_What is required_
Please write out only the lines from the line with "The red dots" to the line with "Correction/Coarse CFO Estimation']);", inclusive, exactly as they stand below, without the pictures.

_Dataset entries_
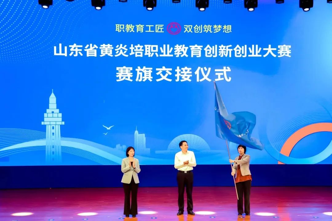 ▲向第八届山东省黄炎培职业教育创新创业大赛承办方威海市中华职教社授赛旗
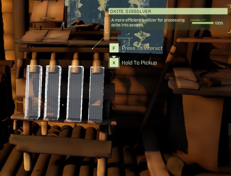 산소를 제공하는 일부 개체는 캐릭터 인벤토리의 O 2 미터 옆에 있는 슬롯에 놓을 수 있습니다 . 이 슬롯의 산소 항목은 고갈될 때까지 자동으로 O 2를 제공합니다 .
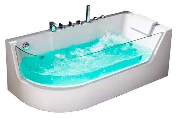 - Особенности — смеситель в комплекте, установка на каркас, подголовник, стеклянная вставка
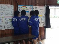 進路担当の先生から説明を受けながら、各高校等の資料や、昨日発表で使ったポスター(壁新聞)を参考に、生徒たちが実際に見に行きたい学校を決めていきました。
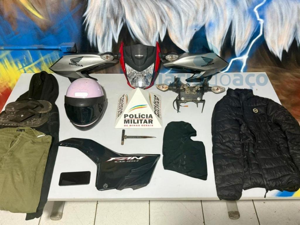 Materiais apreendidos são todos produtos de roubos praticados pelos criminosos presosA Polícia Militar prendeu dois marginais que praticaram um roubo à mão armada na manhã de sábado (20), em um estabelecimento comercial localizado na avenida das Flores, no bairro Bom Jardim, em Ipatinga, fato esse noticiado pelo Diário do Aço. Os envolvidos têm 18 e 22 anos. Na ação, também foram apreendidas motocicletas usadas no crime, sendo uma delas com registro de furto, além de outros materiais relacionados à ocorrência.
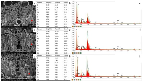 The red dots in the figure represent the selection points for energy spectrum analysis, and the leaf mesophyll cells were selected for the three treatments. In the mesophyll cells, the relative mass of carbon accounts for approximately 50%, followed by oxygen and nitrogen. In the CK group (Figure 3b), the relative masses and atomic weights of Cd were higher than those of Se, and the ratio of the relative amount of substance of Cd to Se was 1.29. Following the addition of Se, the relative amount of Se increased, while that of Cd decreased. The relative amount of substance ratios of Cd and Se in T4 (Figure 3e) and T2 treatments (Figure 3h) decreased to 0.42 and 0.67, respectively. When compared with CK, foliar Se increased the relative quality of the trace elements magnesium (Mg) and silicon (Si) in the mesophyll cells, while soil Se increased the relative quality of Mg, Si, sulphur (S) and iron (Fe).
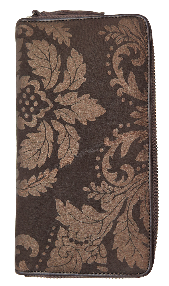 Ledergeldbörse, 19x11x3cm mit Blumendruck.
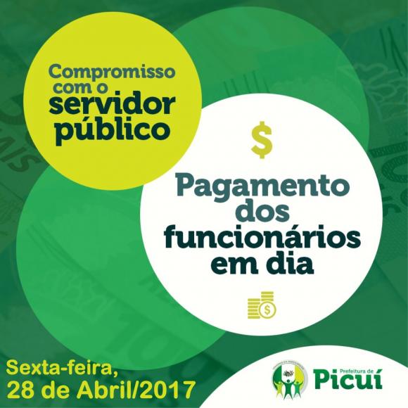 A Prefeitura de Picuí, por meio da Secretaria de Finanças, esteve realizando à meia-noite de hoje, o pagamento da folha de pessoal ativo e inativo. De acordo com o Márcio Renato, Secretário de Finanças, o montante injetado na economia de Picuí com o pagamento da folha municipal deste mês foi de R$2.124.282,72 (Dois Milhões, cento e vinte e quatro mil, duzentos e oitenta e dois reais e setenta e dois centavos) ao somar junto ao pagamento liberado dos servidores inativos do Instituto de Previdência de Picuí (IPSEP), no valor de R$349.996,10 (Trezentos e quarenta e nove mil, novecentos e noventa e seis reais e dez centavos) e o aumento dado aos professores referente ao piso nacional de 7,08%. Comparado a folha de março, houve um aumento de aproximadamente R$200 mil (Duzentos mil reais).
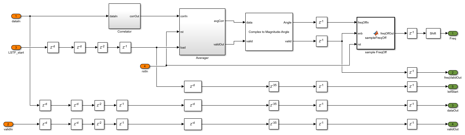 open_system([model_name '/WLANTimeAndFrequencySynchronization/Coarse CFO Estimation and Correction/Coarse CFO Estimation']);
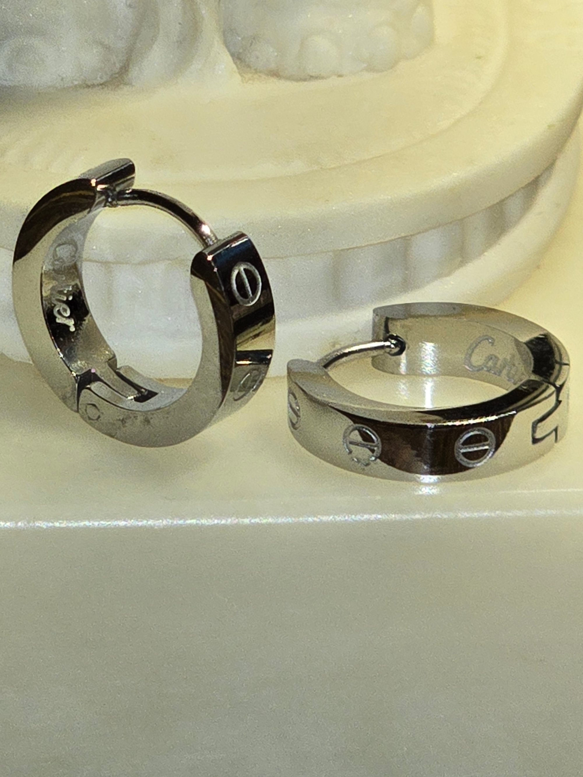 Elevate your daily jewelry stack with these timeless, designer-inspired screw motif hoop earrings. Crafted with high quality silver tone polished stainless steel. These earrings are designed to look luxurious without the high maintenance.
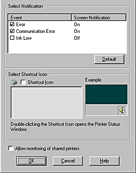 Select the Shortcut Icon check box to have a shortcut icon placed in your Windows taskbar. Clicking the shortcut icon in the taskbar will open EPSON Status Monitor 3. To select which icon will be displayed, click the icon your prefer from the choices given; your selection will be shown at the right.
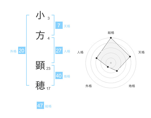 小方 顕穂さんを姓名の画数から五運を鑑定
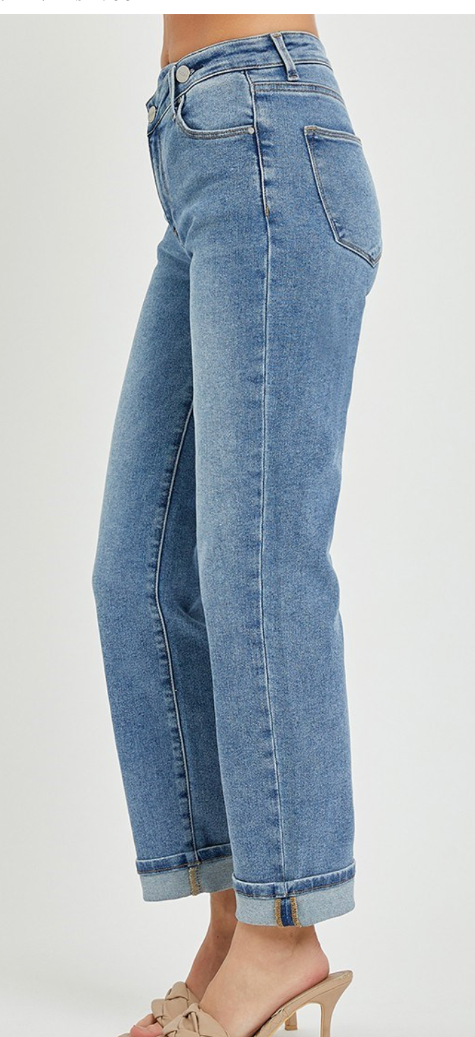 (66)HIGH RISE CROSS OVER BOYFRIEND JEANS
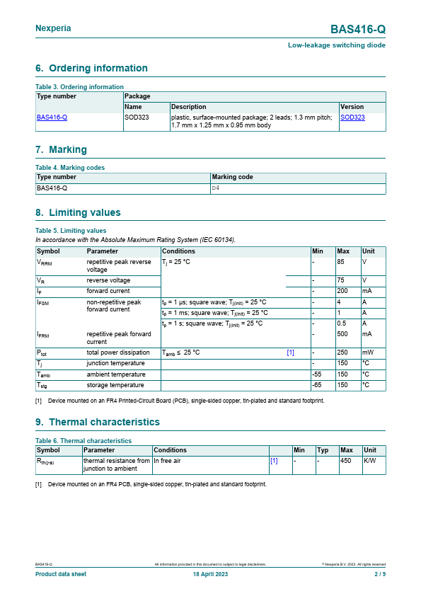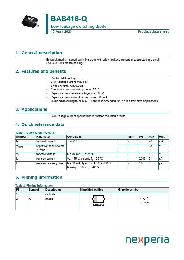 Epitaxial, medium-speed switching diode with a low-leakage current encapsulated in a small SOD323 SMD plastic package.

_Task solution_
 The red dots in the figure represent the selection points for energy spectrum analysis, and the leaf mesophyll cells were selected for the three treatments. In the mesophyll cells, the relative mass of carbon accounts for approximately 50%, followed by oxygen and nitrogen. In the CK group (Figure 3b), the relative masses and atomic weights of Cd were higher than those of Se, and the ratio of the relative amount of substance of Cd to Se was 1.29. Following the addition of Se, the relative amount of Se increased, while that of Cd decreased. The relative amount of substance ratios of Cd and Se in T4 (Figure 3e) and T2 treatments (Figure 3h) decreased to 0.42 and 0.67, respectively. When compared with CK, foliar Se increased the relative quality of the trace elements magnesium (Mg) and silicon (Si) in the mesophyll cells, while soil Se increased the relative quality of Mg, Si, sulphur (S) and iron (Fe).
 Ledergeldbörse, 19x11x3cm mit Blumendruck.
 A Prefeitura de Picuí, por meio da Secretaria de Finanças, esteve realizando à meia-noite de hoje, o pagamento da folha de pessoal ativo e inativo. De acordo com o Márcio Renato, Secretário de Finanças, o montante injetado na economia de Picuí com o pagamento da folha municipal deste mês foi de R$2.124.282,72 (Dois Milhões, cento e vinte e quatro mil, duzentos e oitenta e dois reais e setenta e dois centavos) ao somar junto ao pagamento liberado dos servidores inativos do Instituto de Previdência de Picuí (IPSEP), no valor de R$349.996,10 (Trezentos e quarenta e nove mil, novecentos e noventa e seis reais e dez centavos) e o aumento dado aos professores referente ao piso nacional de 7,08%. Comparado a folha de março, houve um aumento de aproximadamente R$200 mil (Duzentos mil reais).
 open_system([model_name '/WLANTimeAndFrequencySynchronization/Coarse CFO Estimation and Correction/Coarse CFO Estimation']);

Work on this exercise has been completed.